Two: I'm jaded and spoiled. Things were pure when we were young. An "I love you" meant "I love you and I will do anything for you because all I need is to know you are happy". An "I love you" now might mean something like "I love you and I want you to be happy but there are some things I cannot sacrifice and there are some things that I am unwilling to give up and there are some things you will have to change before I can accept you fully". Maybe I'm a little more aloof now, a little more independent, a little more concerned about my life, a little more strong-willed, a little more stubborn, a little more practical, a little less open, a little less tolerant, a little less starry-eyed. But I still trust that God has the perfect person in mind for me, and when I meet him, it'll work.

("Owl. Active at night." ;) Mmm yeah.)

Three: Salsa. Yum.

Four: I don't want to go back to school. Summer break seems like life on hold. Going back means the inevitable - having to think seriously about the future instead of just living in the moment. Honestly, I'm terrified.

("Rhinoceros.
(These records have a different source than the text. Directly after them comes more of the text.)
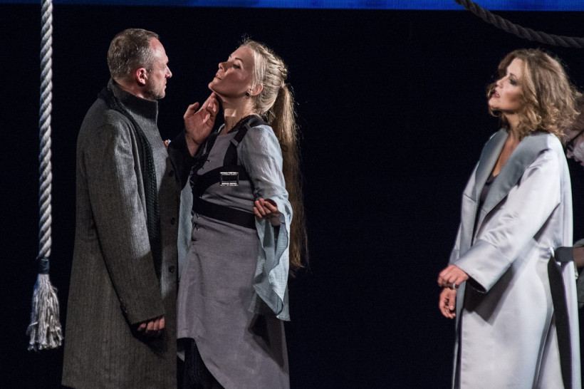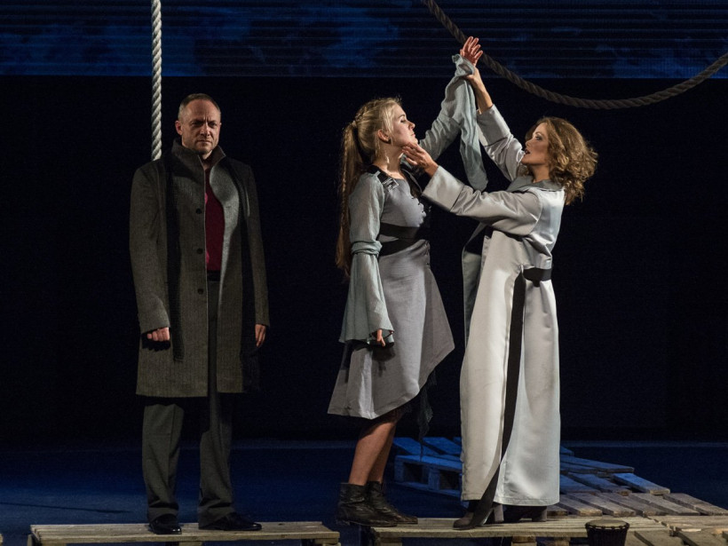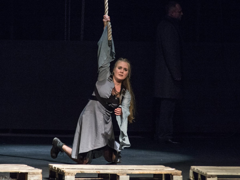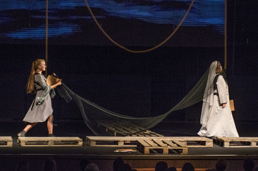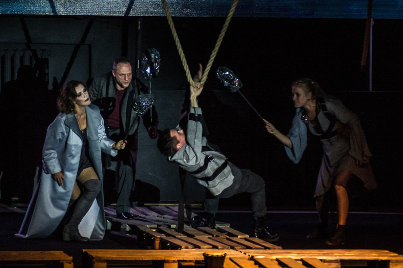 Декорации однообразные и неброские, но в контексте «нового Гамлета» это решение оправданно. Яркая деталь — канат, с которым то и дело взаимодействуют актеры, добавляет живость. Он символизирует жизнь: герои держатся за него, и канат не дает им упасть. Это источник силы.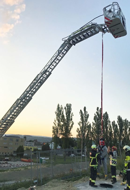 Da Baustellen Risiken Bergen, welche zu Arbeitsunfällen führen können, hat die Feuerwehr gestern, am Montag, dem 20. August, gleich einen Rettungseinsatz auf ihrem neuen Platz geübt.
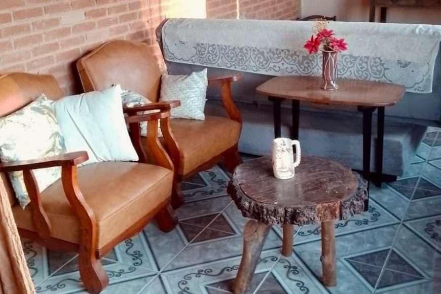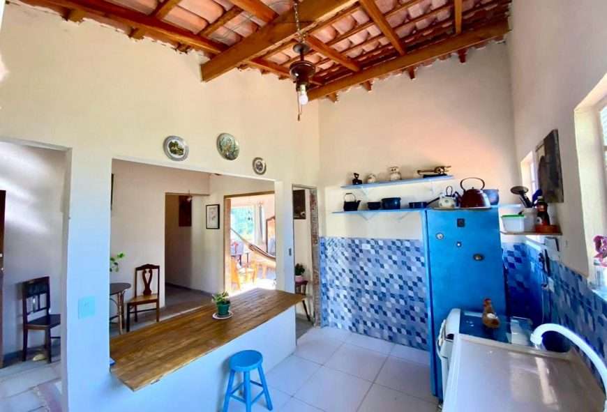 A casa tem decoração de fazenda, objetos que transportam a gente no tempo, além da comodidade de itens como cafeteira, ventilador, TV smart e wifi.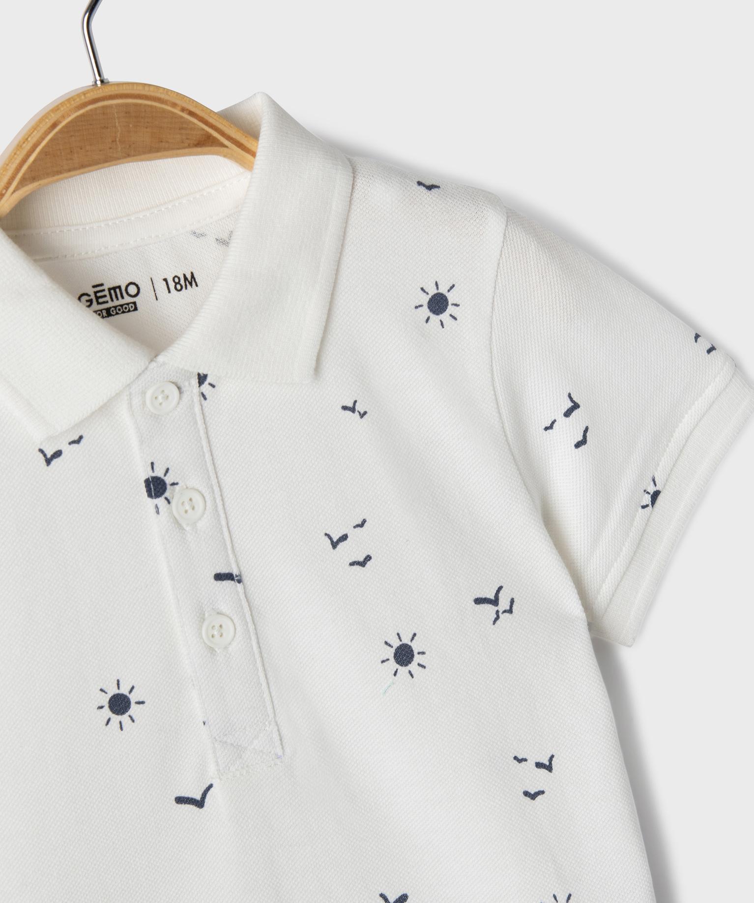 Offrez à votre bébé un look à la fois chic et craquant avec ce polo à manches courtes en maille piquée. Confectionné en coton pour une douceur optimale, le polo bébé garçon arbore des petits motifs graphiques de soleils et d'oiseaux qui apportent une touche d'originalité. Sa coupe droite confortable et ses fentes latérales permettent une grande liberté de mouvement. Pratique, la fermeture au col par 3 boutons facilite l'habillage. On retrouve les finitions en bord-côte uni au col et aux manches pour une tenue impeccable. Un indispensable du vestiaire estivale superbe en association avec un bermuda chino !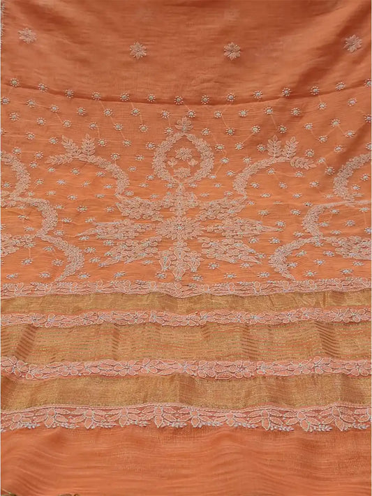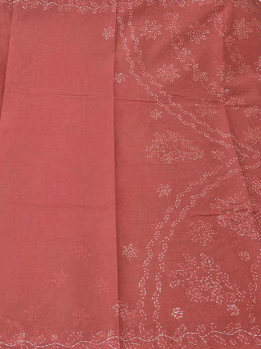 Peach Blush Cotton Saree with Floral Palla Embroidery – 6.5 Meters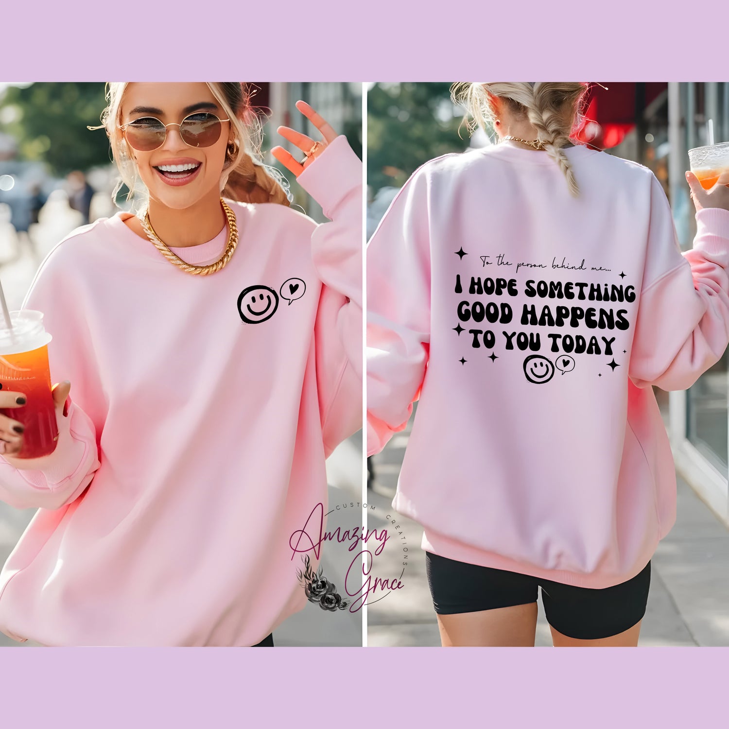 Dear person behind me 'I hope something good happens to you today’ custom print positivity hoodie/sweatshirt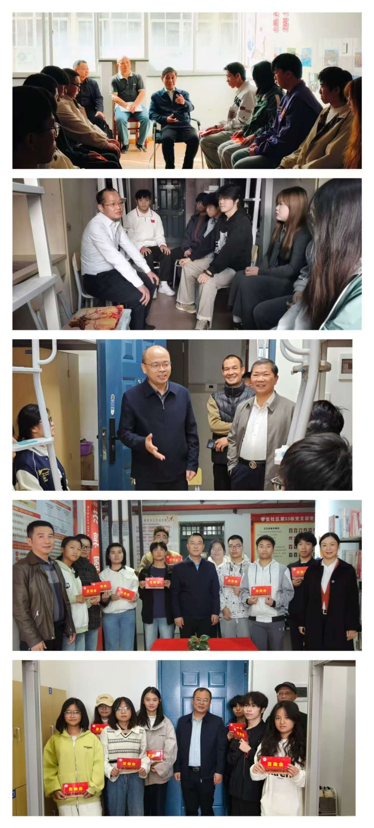 在我校即将迎来 67 周年校庆的温馨时刻,学校以实际行动践行 “以生为本” 理念,将对学生的关怀落到实处。10 月 28 日前夕,校党委书记罗旭彪、党委副书记肖宜安等在家的校领导,分别带领学生资助中心人员,前往学生宿舍、学生社区等地,开展走访慰问学生代表活动,帮助学生解决实际困难,切实增强他们的校园归属感与幸福感,为学生传递校庆的美好祝福与校园的温暖关怀。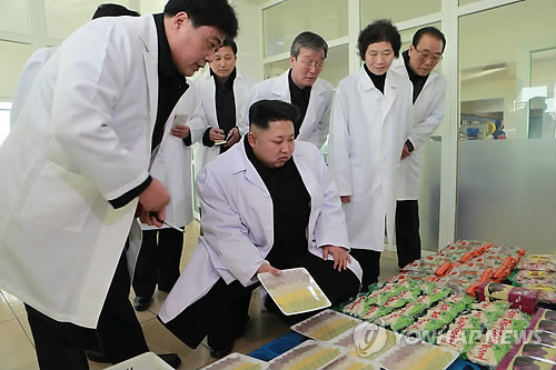 | △ 北 김정은, 체육인식품공장 시찰 (평양 조선중앙통신=연합뉴스) 김정은 북한 국방위원회 제1위원장이 체육인을 위한 식품공장인 평양 금컵체육인종합식료공장을 현지 지도했다고 조선중앙통신이 19일 보도했다. 2015.1.19 photo@yna.co.kr |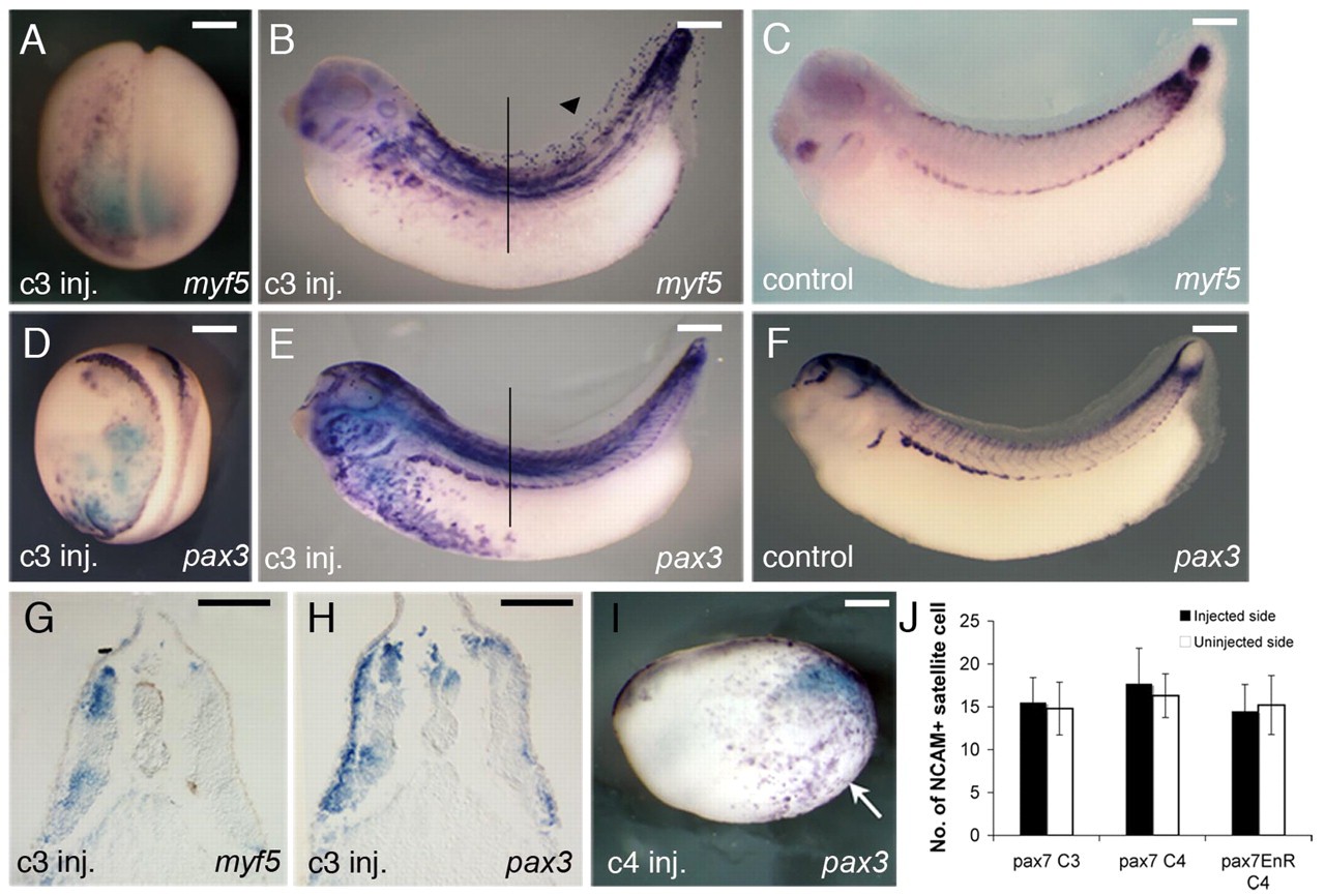 Fig. 4. Pax7 mRNA injection induces ectopic expression of Myf5 and Pax3. Xenopus Pax7 mRNA (1 ng) was injected into blastomere C3 of the left side at 32-cell stage. (A,B,G) Expression of Myf5. (C) Control embryo showing normal Myf5 at stage 34. (D,E,H) Expression of Pax3. (F) Control embryo showing normal Pax3 at stage 34. (I) Expression of Pax3 mRNA in embryo injected with Pax7 mRNA in C4 blastomere at 32-cell stage. Arrow indicates ectopic Pax3 expression. (J) Effect on satellite cell numbers of overexpression of Pax7 or Pax7EnR. There is no significant difference between the number of satellite cells on the injected and uninjected side. Each count represents five sections from 10 embryos. Results are mean ± s.e.m. The black lines in B and F indicate the position of sections in D and H, respectively. The black arrowhead in B shows the expression of Myf5 in fins. Scale bars: 100 μm.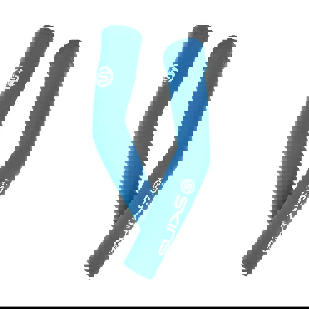 These men’s arm sleeves are made from a polyester and elastane blend, finished in blue and white. The design combines a plain base with contrast detailing and a logo for a clean, sporty look.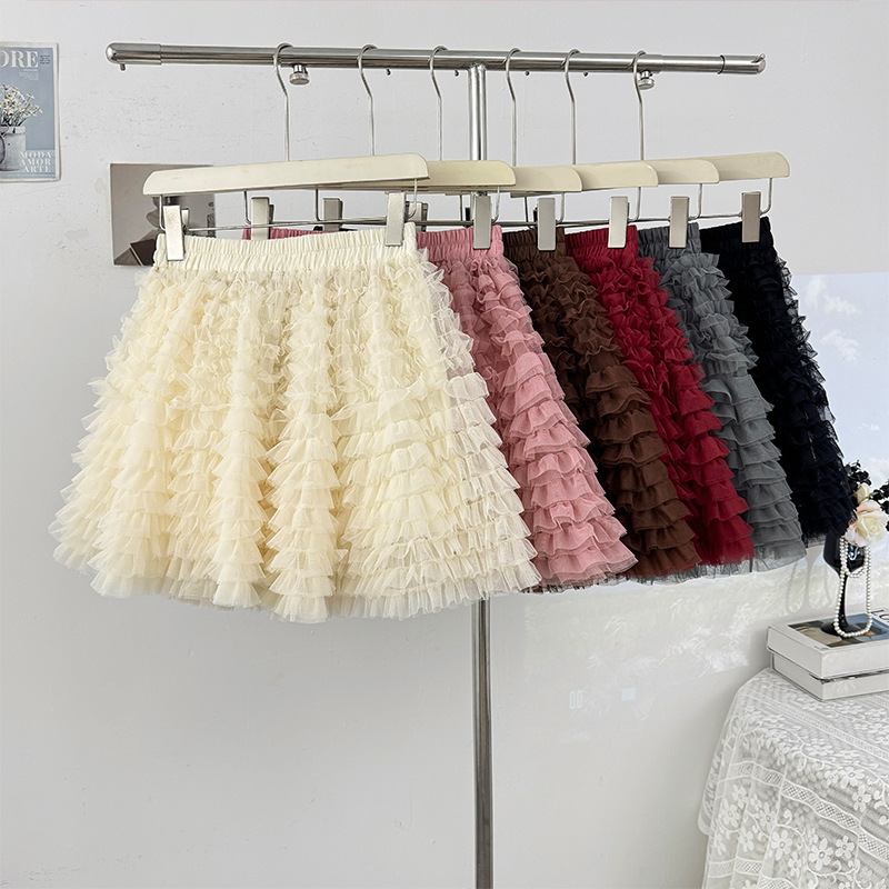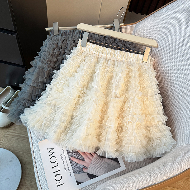韩系芭蕾风褶皱网纱蓬蓬半身裙女秋季2025高腰显瘦A字层层蛋糕裙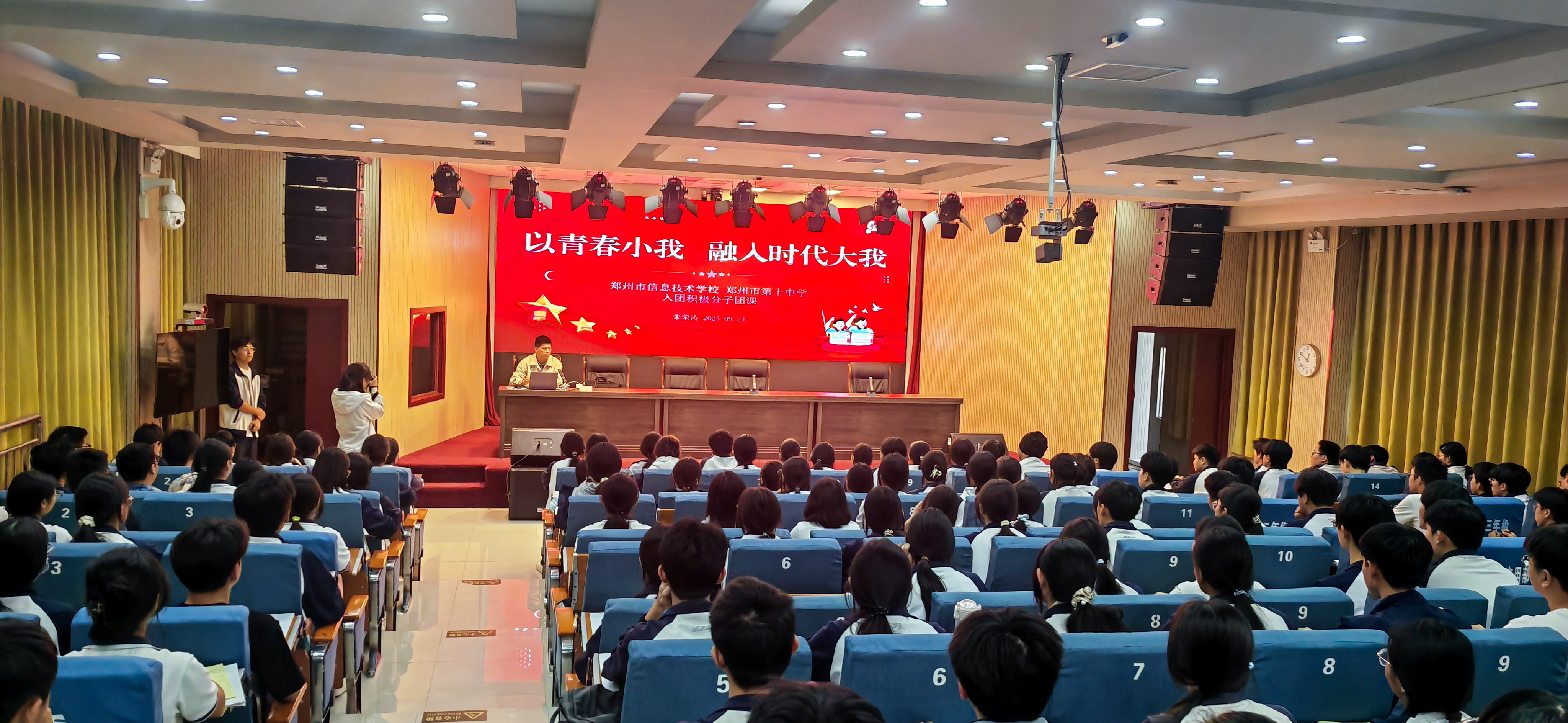 为引导广大团员青年坚定理想信念,强化青年学生责任担当,9月24日,郑州市信息技术学校(郑州市第十中学)在三号楼二楼报告厅开展“以青春小我 融入时代大我”主题团课活动。副校长朱荣涛担任主讲人,全校入团积极分子参加此次学习。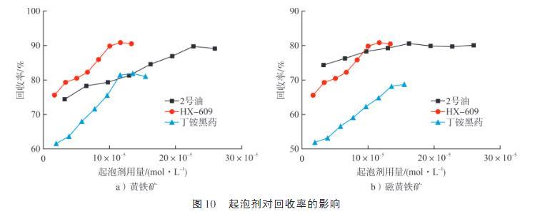 由圖10可知:在起泡劑用量相同條件下,HX-609在提升黃鐵礦回收率方面的效果顯著優(yōu)于另外兩種起泡劑。對于磁黃鐵礦而言,2號油與HX-609的浮選效果相當(dāng)。然而,從藥劑成本角度考量,2號油更具有優(yōu)勢。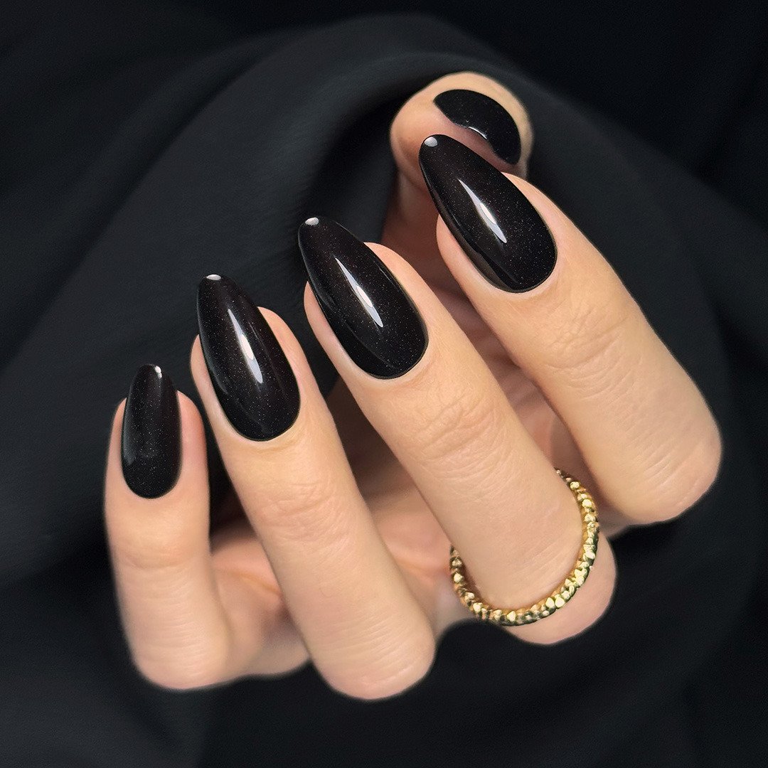594 Deep Lust van Slowianka Nail Trends is een diepe, verzadigde zwarttint met ingesloten deeltjes die zorgen voor een elegante, diffuus verspreide glans. De kleur trekt de aandacht met haar intensiteit en multidimensionale uitstraling en reageert prachtig op het licht.

Think big." ;) Mmm yeah.)

Five: If there's one thing I've learned from my internship, it is that there's a specific percentage of supposedly intelligent and high-flying people in the workplace who are idiots. It's statistically proven. Another learning point - what might be strengths in America may well be frowned upon in Asia.

Six: Too many late nights in a row. But I'm still young and I figure if there's a right time to be partying it up, it's about now ;)

20 July, 2009

19 July, 2009

*736 - splash

Note to self: Always remember to take things slow. It never pays to take the plunge before you are ready to swim. Glug glug glug. Why do I never learn?

12 July, 2009

*735 - currypok





Not the typically-shaped, deep-fried sort but a fluffier, healthier (baked) variety. Yums.

08 July, 2009

*734 - bud

Part of me crumbles a little at the thought of, yet again, wrenching my roots out from the comforts and delights of home; home is where the family is, home is where the love is, home is where you are. That same part crumbles at the thought of forcing my roots back into the rocky insecurities of my life abroad, where one wilts easily and become sallow with frustration and loneliness and doubt and hurt.

Yet each time I leave home, a part of me unfurls to meet the rays in the eyes, knowing that that's where I may do a hoppity skippity bounce step whenever I so choose, where I may coat my sallow leaves with emerald paint, where the field is bigger and brighter and high, high above the sand and the birds and the rain and the clouds.

07 July, 2009

*733 - not even a significant day but.

"You are awesome!"
"So are you!"

Here's to eleven years of friendship and counting :D

*732 - i'll save the last dance for you

You can dance every dance with the guy
Who gives you the eye, let him hold you tight
You can smile every smile for the man
Who held your hand 'neath the pale moon light
But don't forget who's taking you home
And in whose arms you're gonna be
So darling save the last dance for me

05 July, 2009

*731 - nine at the table ...

... and seven in the car.



(The granny looks so unperturbed!)

-

Last night, I slept 11.5 hours, woke up for lunch, went back to sleep for 4 more hours, headed out for dinner, and now I'm back and ready to sleep again. I hope I have repaid all my sleep debt from the last week ...

But all the zombie-ness experienced during the week is more than worth it, and I wouldn't trade a minute of the late nights and 2 am phone calls for anything.